そのまま話がヒートアップして二人の仲は完全に険悪になり愛は部屋を飛び出していった。

 

「天気予報でもうすぐ雨だ。サキ、一緒に探すぞ」

「おう!!」

 

俺とサキが愛を探すと雨が降ってメイクが落ちてきた。

 

『急いで探さないと誰かに見られるな…』

 

焦りつつしばらく探すと工事現場の巨大パイプの中で愛が震えているのを発見した。

 

ドカァァァァアン‼︎

 

「意外だな、雷が怖ぇなんて」

「私、それで死んだの」

 

話によると愛は野外ステージで歌っている最中に落雷で死んだらしい。

 

「すげぇ…!おまえ、マジ伝説やん」

「そんなの…、全然嬉しくない!私はまだ終わってない。

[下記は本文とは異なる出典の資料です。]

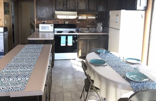 Take a step inside of “Sunset Haven” to find an immaculately clean, fully furnished, and comfortable living space. A fully stocked kitchen with seating for 6 and a spectacular open living area featuring panoramic views of the lake will take your breath away as you enter. This area contains a SMART TV, a queen size sleeper sofa, a queen size futon, and a wood stove for use in colder months. This property is wheelchair friendly as the 4-ft sliding glass door leads into the open living space from the ground-level deck. Continue on to find a newly remodeled bathroom and 2 bedrooms with sleeping arrangements as follows: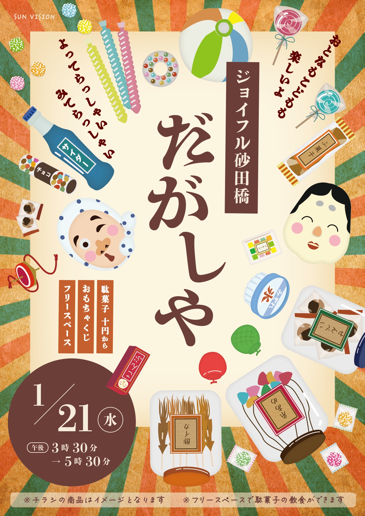 4. 【ジョイフル砂田橋】1月21日(水)駄菓子屋開催のお知らせ☆彡

絶対もう一度あのステージに立つ!」

「なるほどねぇ。それが、あれだけ努力する理由か…」

 

色々合点がいった。彼女はメンバーの中で誰よりも「これから先どうするか」を考え誰よりも早く行動していた。

 

「まぁ、何にしてもまずは純子の件をどうにかしないとな」

「分かってるけど、あいつはこの時代と価値観が全くあってない!!いつかどこかで必ずまた不和を招く!!一体どうすればいいのよ!?」

「んなの決まってんだろ。・・・どうしたいのか伝えたいこと真正面から全力で伝える。それだけだ」

「そ、そんなことで伝わるの!?」

「面と向かったぶつかってみないと伝わらないことだってある。例えば、どれだけ自分が本気か…、とかな」

「俺が言える立場じゃないかもしれないけど。投げ出したり切り捨てたりした先に自分の望んだ夢なんて無いことは良く知ってる。自分の望んだ夢を叶えたいなら全部拾いきって前に進むしかないんだ」

「そんな、無茶苦茶な道。本当に進む気なの…?」

「一回死んで分かったんだよ。足抱えて蹲ってたって絶望したって何も変わらない。ずっと自分は出来損ないだって思って生きてきたけど、お前らを見て偶然で得た二度目の人生。一度くらい本気で何かをしようって思ったんだよ。無茶かもしれない、無謀かもしれない。でも、ここで妥協したり諦めたら俺らただの歩く屍になるだけだぜ」

 

「「……!!!」」

 

「純子のことは俺が何とかする。だからお前らはお前らのやるべきことをやれ」

 

気が付くと雨はやんでいた。愛とサキも決意の灯った表情になっている。

俺達は人が来る前に急いで屋敷に戻り練習を再開しのだった。